Some of the earliest indicators of China's economy are pointing to further stabilisation, underscoring the gulf between market panic and what's happening on the ground.
Smaller businesses in the services sector showed more resilience, while manufacturing experienced a further deterioration - a continuation of the rebalancing theme that marked 2015. Search engine data on interest in small and medium sized businesses signals momentum there remains steady, while a separate reading of business confidence held up as firms get a boost from a weaker currency.
The freshest reports - which come ahead of the first official indicators of manufacturing and services activity due on February 1 - add to evidence the world's second-largest economy is holding up as a stronger services sector underpins the labor market. That's welcome news for policy makers battling slower growth, capital outflows and plunging shares that have shaken investor confidence worldwide at the start of the year.

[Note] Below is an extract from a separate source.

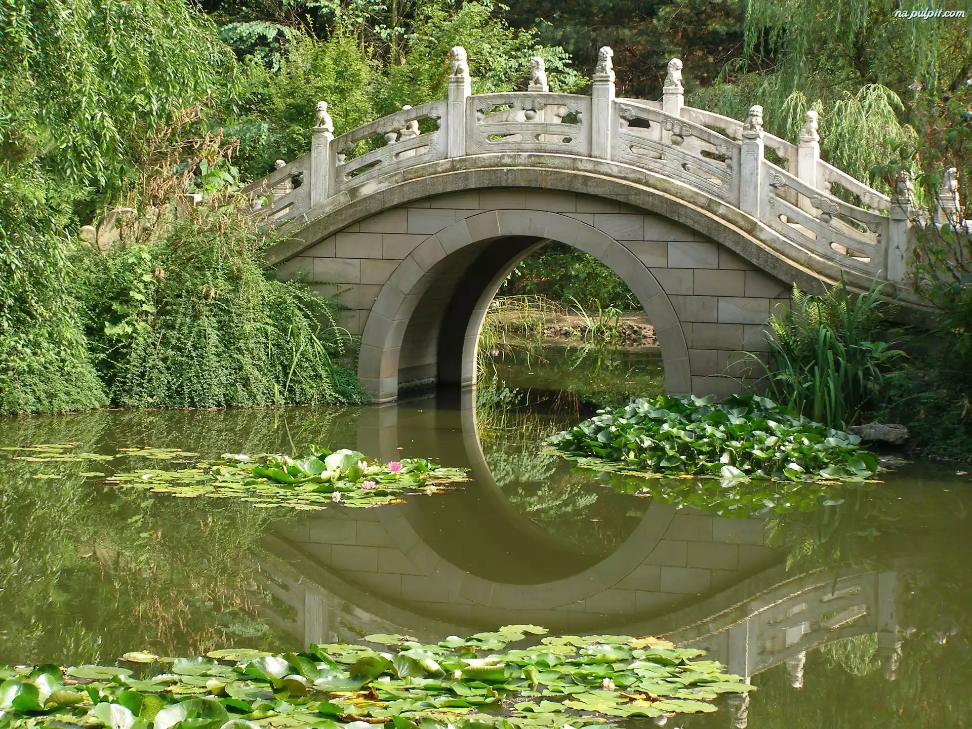 Wodne, Most, Staw, Park, Lilie Na Pulpit

The Bloomberg monthly GDP tracker was 6.69 per cent in December, down slightly from the prior month and just shy of the officially announced 6.8 per cent expansion in the fourth quarter. Other proxies show a mixed picture, according to a report on Monday by Tom Orlik, chief Asia economist at Bloomberg Intelligence in Beijing.
Oxford Economics estimated growth was 6.1 per cent in the fourth quarter, while Barclays figured 5.6 per cent, his note said. Capital Economics calculated growth at 'just over' 4 per cent based on its proxy gauge tracking freight volumes, passenger numbers, electricity output, sea cargo volumes and floor space area under construction.
As for January, here's what the economy's earliest tea leaves are showing: - Bloomberg
Two private indexes based on surveys covering more than 4,000 companies are now back after a one-month suspension during which the publishers tweaked their methodologies. The gauges published jointly by China Minsheng Banking Corp and the China Academy of New Supply-side Economics show more divergence between services and manufacturing.
The Minxin non-manufacturing index for smaller companies climbed to 43 from 40.9, heading back toward the 50 line that divides between improving and deteriorating conditions. The gauge for small manufacturers showed less promise, falling to a record low 41.8 in January.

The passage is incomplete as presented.